:: Record set
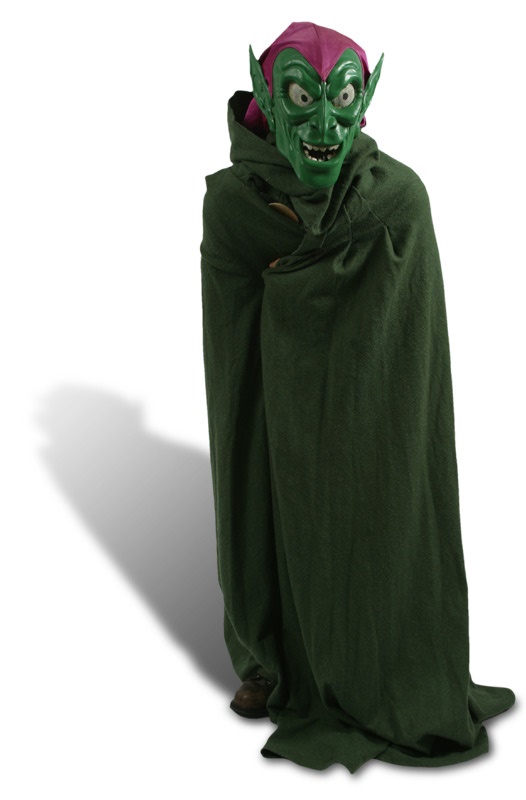 Arch-nemesis of Spider Man, the Green Goblin's costume consists of a green hard-rubber face mask in the character's impish likeness wearing a magenta scarf over his head, and a forest green cloak with a large metal clasp at the throat. The costume was used for promotional purposes in the 1960's by Marvel Entertainment and is offered in NRMT condition.
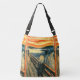 Skriet visar en något konstig tittar person med ett smärtsamt ansiktsuttryckanseende på en walkway med två folk i bakgrunden. Mörk - att virvla runt för blått bevattnar, och en brännhet röd och orange himmel är också delen av Munchs sammansättning.
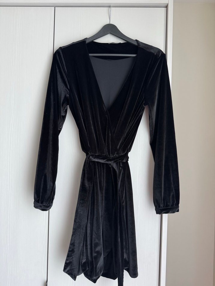 Mavi marka Siyah kadife V Yaka Gotik Mini elbise
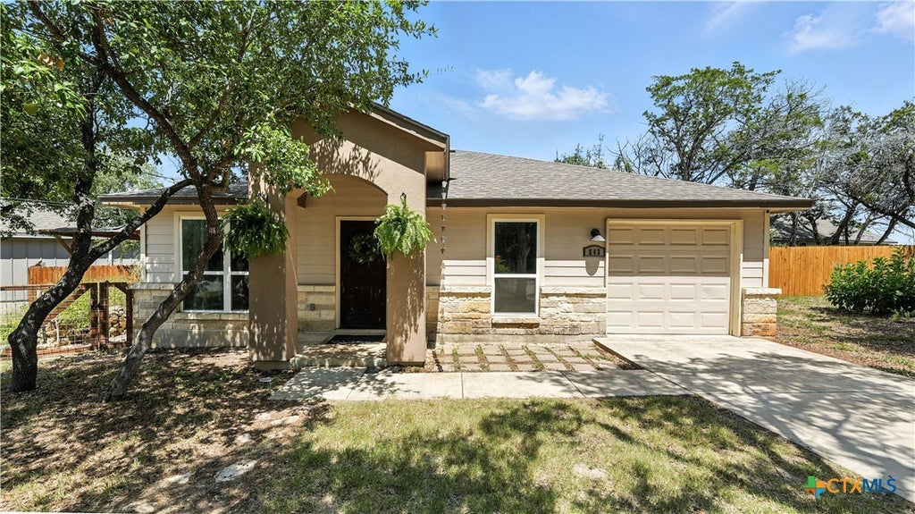 Welcome home to the Texas Hill Country where a quiet street with gorgeous landscaping welcomes you, and your neighbors across the street will always be the lovely oak trees. This home features an outdoor seating and a patio area great for hosting made with repurposed lumber from a 1910 barn. Granite countertops in the kitchen with shaker cabinets, upgraded appliances and hardware are just part of the experience. Each feature in the bathrooms gives a spa like experience where taking time to decompress is almost unavoidable. The garage is heated and cooled; so if you wanted, it can be made into an office or extra living space! The lot has room to build a detached garage next to the house and driveway! Don't wait, this won't last long.
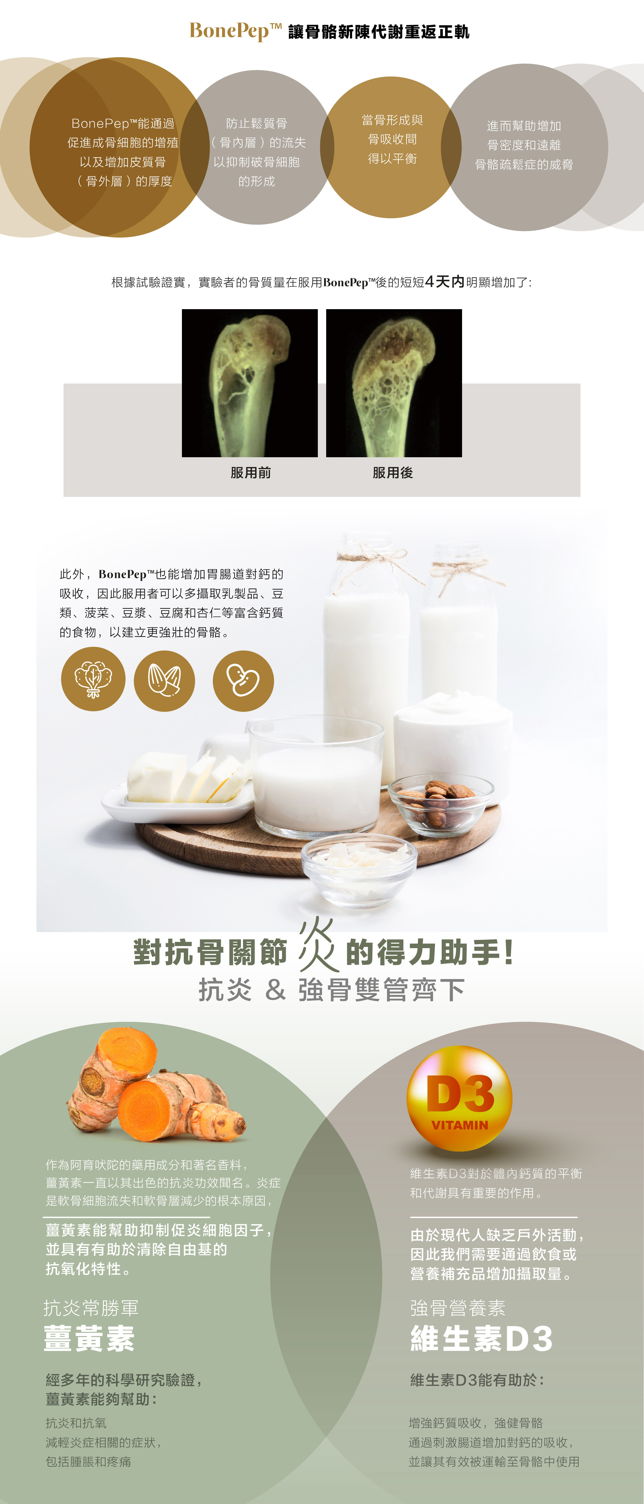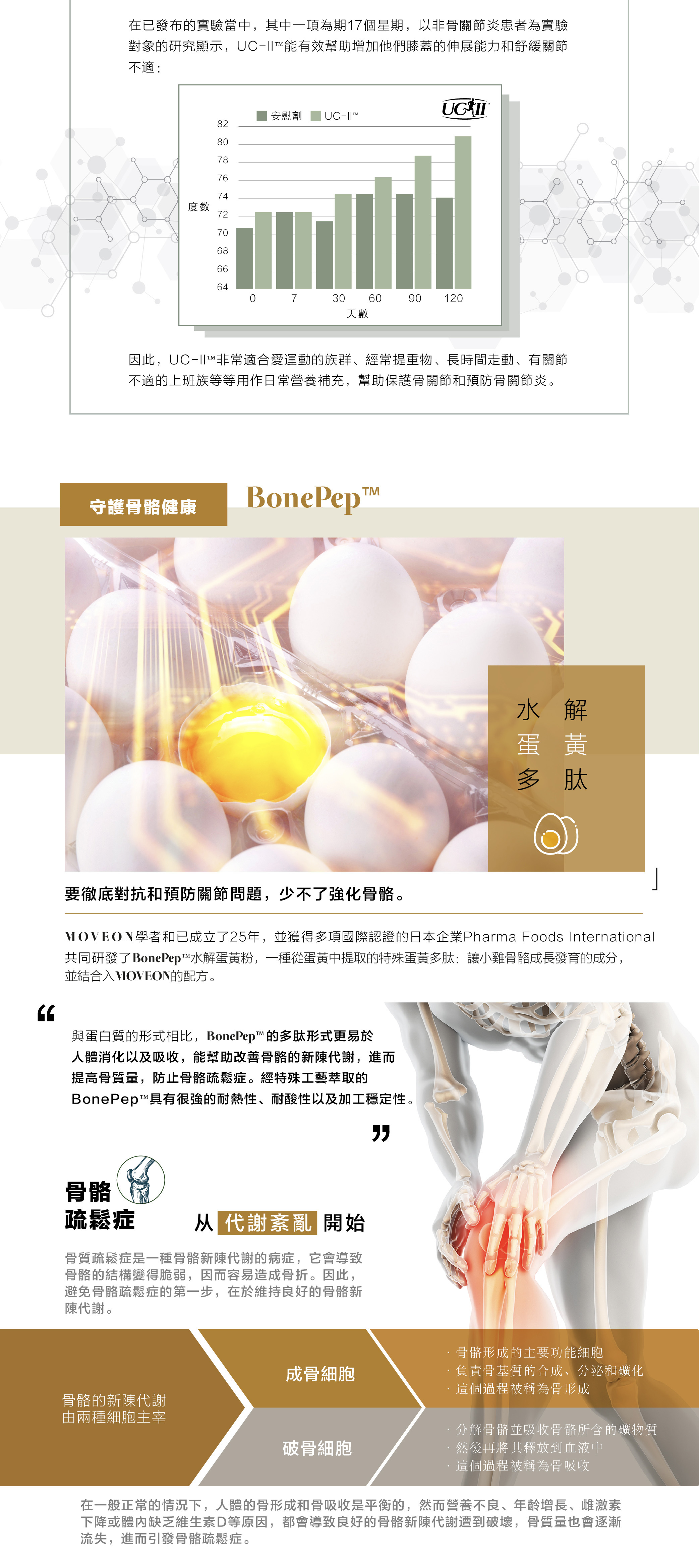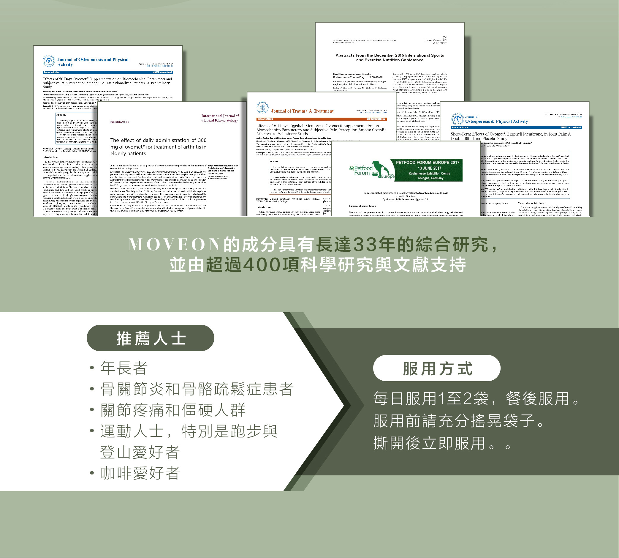 MoveOn靈活飲是21世紀突破性的關節修復飲料,含有11種全天然成分,其中3種是高 品質專利成分,是10年科學研究支持的抑制關節軟骨退化和減少關節炎症和關節不適的最佳解決方案,使用MoveOn靈活飲可恢復您的機動性。
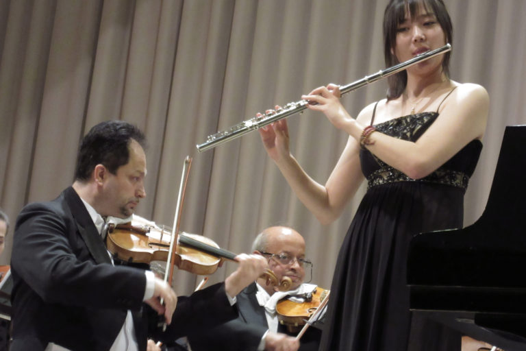 Publikum zvlášť ocenilo výkon mladučkej pianistky Erin Yu, ktorá technicky bravúrne zvládla náročný part prvej časti Koncertu pre klavír a orchester C dur op. 15 L. van Beethovena. Pôsobila prirodzene, milo a dievčensky krásne v bielych saténových šatách s výraznými štrasovými šperkami vo vlasoch i na opasku rafinovanej sukne.
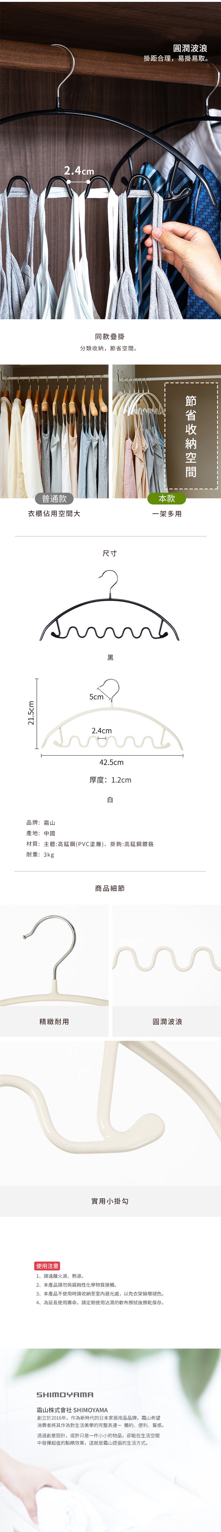 • 【日本霜山】防滑無痕型多功能波浪衣架-6入
::::
◆ **About this task**
Pictures in the entries do not go into the copy. Print only the lines starting at the one containing "Welcome home to" and ending at the one containing "Publikum zvlášť ocenilo", exactly as they appear.

◆ **Output for this exercise**
 Welcome home to the Texas Hill Country where a quiet street with gorgeous landscaping welcomes you, and your neighbors across the street will always be the lovely oak trees. This home features an outdoor seating and a patio area great for hosting made with repurposed lumber from a 1910 barn. Granite countertops in the kitchen with shaker cabinets, upgraded appliances and hardware are just part of the experience. Each feature in the bathrooms gives a spa like experience where taking time to decompress is almost unavoidable. The garage is heated and cooled; so if you wanted, it can be made into an office or extra living space! The lot has room to build a detached garage next to the house and driveway! Don't wait, this won't last long.
 MoveOn靈活飲是21世紀突破性的關節修復飲料,含有11種全天然成分,其中3種是高 品質專利成分,是10年科學研究支持的抑制關節軟骨退化和減少關節炎症和關節不適的最佳解決方案,使用MoveOn靈活飲可恢復您的機動性。
 Publikum zvlášť ocenilo výkon mladučkej pianistky Erin Yu, ktorá technicky bravúrne zvládla náročný part prvej časti Koncertu pre klavír a orchester C dur op. 15 L. van Beethovena. Pôsobila prirodzene, milo a dievčensky krásne v bielych saténových šatách s výraznými štrasovými šperkami vo vlasoch i na opasku rafinovanej sukne.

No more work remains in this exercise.